Saturday, September 11, 2010

Lest We Forget.

All my life I have been touched in some way by Remembrance Day. We always attended the ceremonies both because my Poppa served in WWII and because my brother was a drummer in a Scottish pipe and drum band and he was usually playing at these events. It was always cold and rainy and as a child I was bored after the first ten seconds. 1984 my sweet mother passed away the day before Remembrance Day and it has tainted every subsequent year.  Because of I was so young when that happened I never grew to appreciate the true meaning of the day. I was mired in my own loss for so long I did not see that we were coming together to give thanks and gather comfort for a much larger loss. And then September 11th 2001 happened.
It was the first time in my consciousness that the world lost together, suffered together, wept together. It was the first time I felt depth and breadth of humanities ability to unify, to love and be compassionate. It was also the first time I truly understood the hatred people can harbour in their hearts. This is my Remembrance Day. And though I will continue to honour the great men and women who serve in the Armed Forces on November 11th. I will continue to be sad and grateful for all they sacrifice; I can't help but feel my connection to 9/11 in a much more visceral, tangible way. I will be able to recite for the rest of my life when I was, what I was doing, how I felt and how my life was directly changed by that day. I am so fortunate that none of my loved ones were lost that day. I have no direct connections with anyone involved in the events that unfolded but I am a member of the human race and that is enough to have been wounded by that day.
The years that have followed, the wars, the loss of lives, the insane rampant racism, the civilization living in a constant state of hyper alertness, these have taken a toll on our humanity.
We can not honour the fallen with violence. We can not grieve with malfeasance. We can not heal with hate. As the great Doctor said "Returning violence for violence multiplies violence, adding deeper darkness to a night already devoid of stars... Hate cannot drive out hate: only love can do that."
Don't burn a book today. Don't look with suspicion on a man getting on an airplane because he looks "Arab". Don't cast judgment on a woman who chooses to express her faithfulness and fidelity to god by covering her face. Don't left fear a suspicion take a foot hold in your heart. Remember what happened 9 years ago, feel it, talk about it, try and understand why it happened. Be angry and sad and mourn but then go out into the world and love because that is how the good guys really win.
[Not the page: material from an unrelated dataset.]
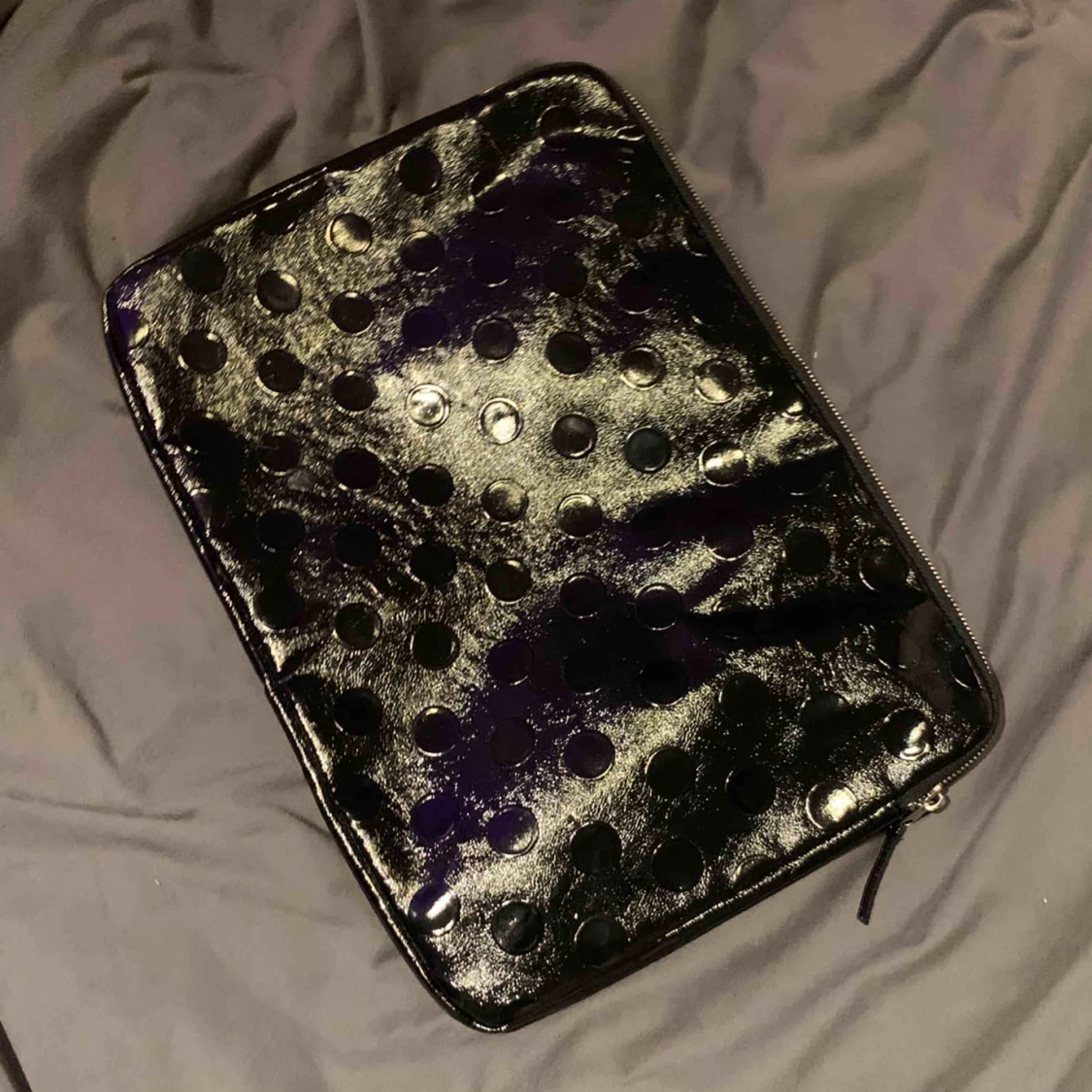 supergullig datorväska från monki. det är ett hål i tyget på insidan, annars som i nyskick.
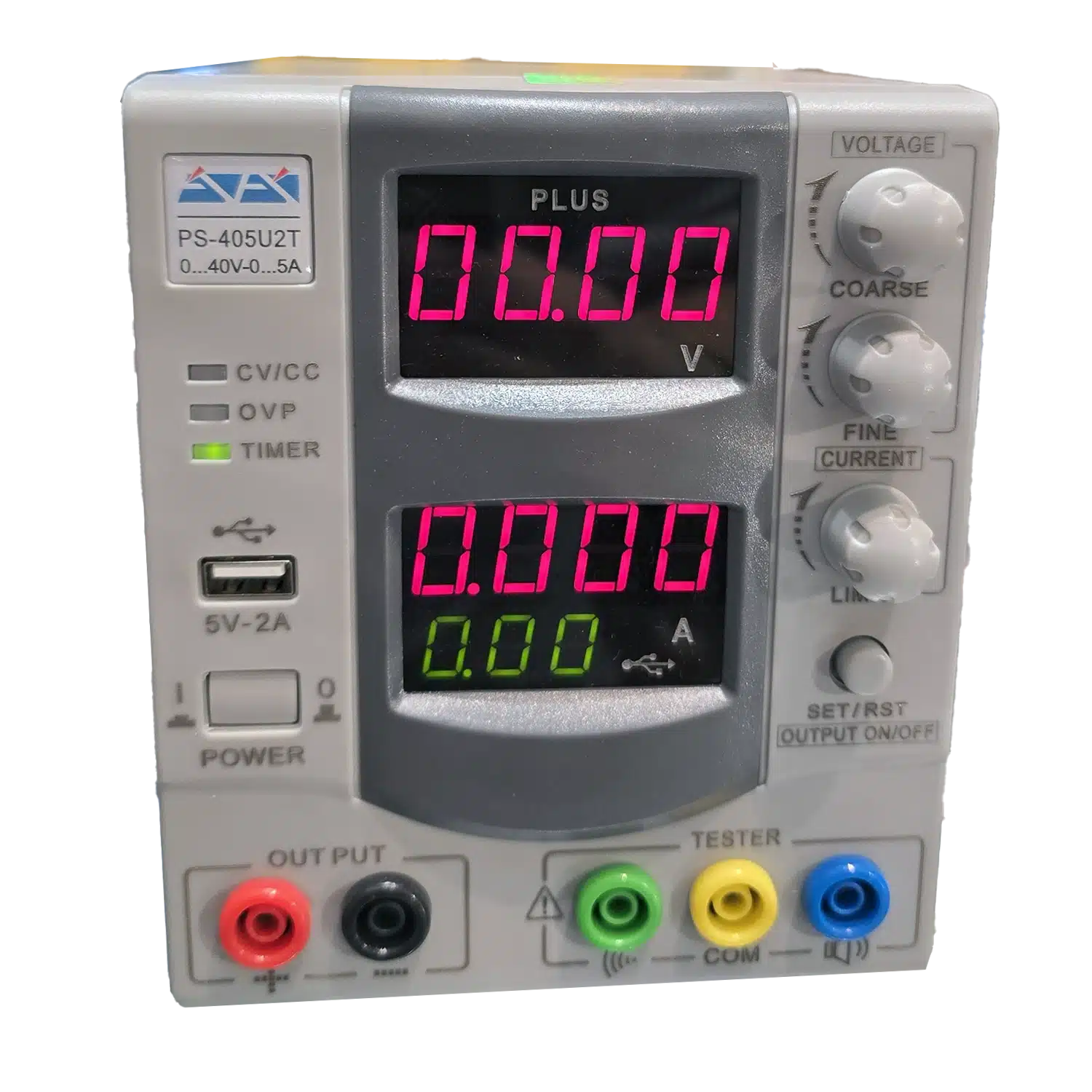 سه ترمینال پایین دستگاه (قرمز، مشکی برای خروجی – و ترمینالهای تستر سمت راست) کاملاً سازگار با پرابهای سوسماری و پرابهای منبع تغذیه هستند و بدون مشکل متصل میشن.

Friday, September 10, 2010

Sorry I have been so absent lately. I have been focusing on the picture a day blog and it ate my brain a little.
Last week I was totally consumed by getting my neurotic dog healthy again. In the course a massive anxiety induced melt down he managed to shed 12 lbs. which is a lot when you are dog, specifically when you are a Greyhound with precious little mass to start with.  It took many days of hand feeding and gentle encouragement not to mention some very expensive anti-anxiety meds but he most certainly on the mend. In fact he seems to really doing well on these pills, he has become much more outgoing. The other day he was even PLAYFUL. In fact he got so excited that he bit me. Of course I freaked out and screamed (it was a reflex) and he ran back to his crate but not for very long, he recovered very quickly as did it. No worries about my hand, he didn't break the skin.
Lulu continues to be a crazy bag of fun. Her daddy isn't too impressed with her this morning because she had a MASSIVE pee in the kitchen. He was on pee duty because I have the day off and wanted to sleep in. Poor daddy, no one likes to wake up to a lake of urine in the kitchen, but that is why I get up at the ass crack of dawn, I don't want to spend my morning cleaning up the pee.